But there was much, much more.
‘Sen. Ted Cruz (R-TX)’ :

“I pose to the senator from California [Sen. Diane Feinstein], would she deem it consistent with the Bill of Rights for Congress to engage in the same endeavor that we are contemplating doing with the Second Amendment in the context of the First or Fourth Amendment, namely, would she consider it constitutional for congress to specify that the first amendment shall apply only to the following books and shall not apply to the books that congress has deemed outside the protection of the Bill of Rights”?

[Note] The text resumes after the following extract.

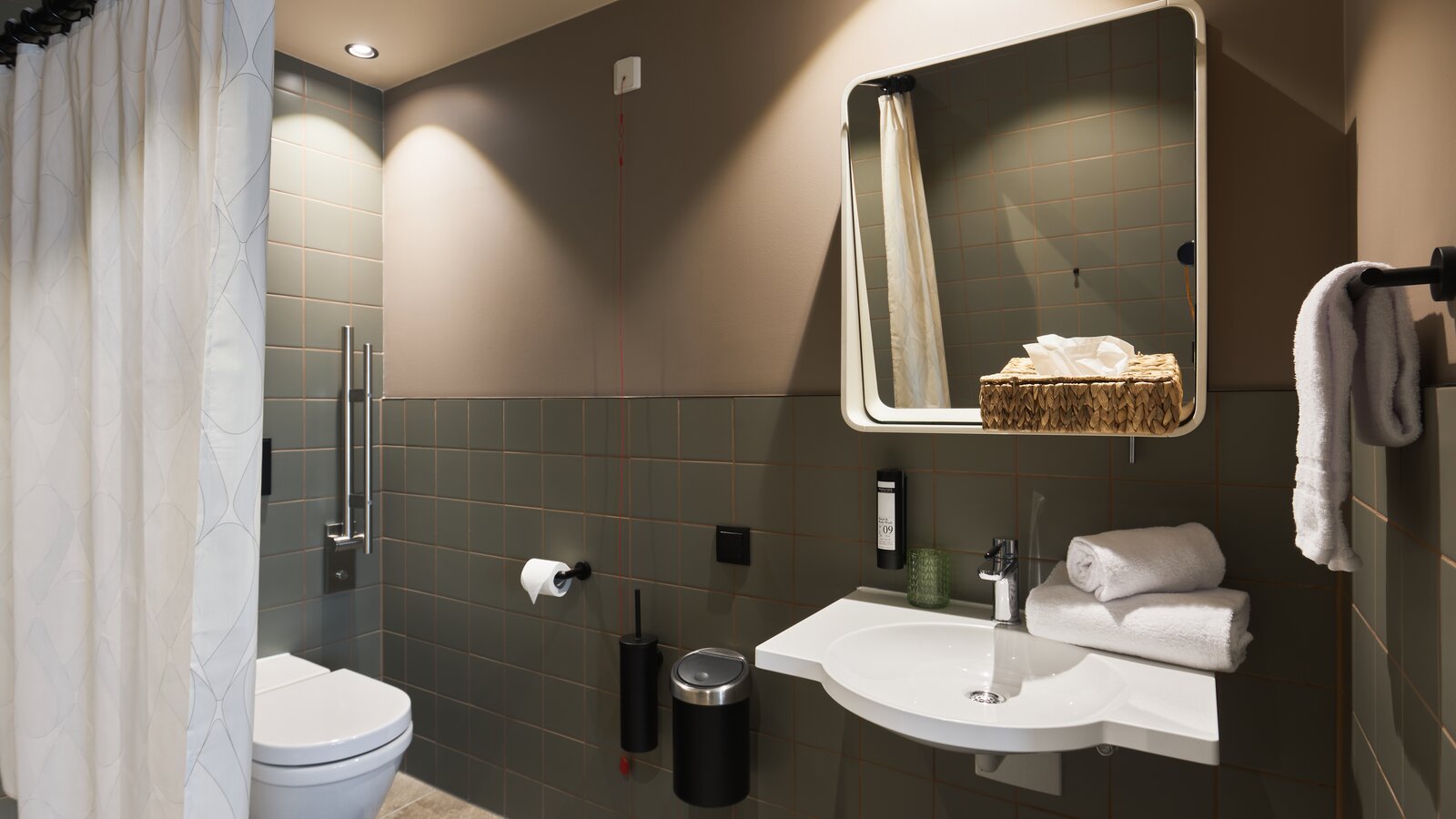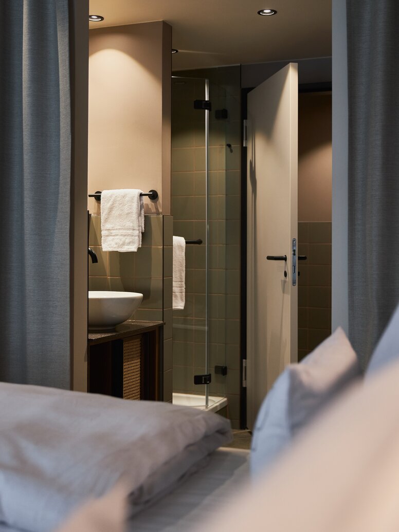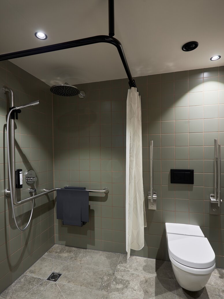 "Our goal is design that is both aesthetic and standard-compliant, and barrier-free without compromise," emphasises Antonia Wileschek, Product Manager Design at HEWI. In addition, Dreimeta selected the curtain rail with ceiling support from the HEWI classic design series 477/801 for the Cocoon hotel. The shower handrail with shower head rail comes from the 805 series, which, like the 477/801 series, is based on the round tubular design. "With HEWI products, the barrier-free rooms and bathrooms can be designed just as aesthetically and homely as the other areas," emphasises interior designer Andrea Kraft-Hammerschall.

‘Sen. Charles Schumer (D-NY)’ :

“In reference to the question my colleague from Texas asked, would you limit books? Would you name specific books? Yeah. It’s constitutional within the ambit of the First Amendment to eliminate child pornography. And we have lots of laws that are very explicit about that. Very explicit. That are constitutional, that have been upheld as constitutional. Similarly, you can’t falsely scream fire in a crowded theater. Similarly, we have libel laws. Every one of these is an impingement on the sacred First Amendment, upheld as constitutional. There are reasonable limits on each amendment, and I think it is anomalous, to put it kindly, for either side to interpret one amendment so expansively and another amendment so narrowly that it just doesn’t add up because your interpretation of the Constitution should be consistent”.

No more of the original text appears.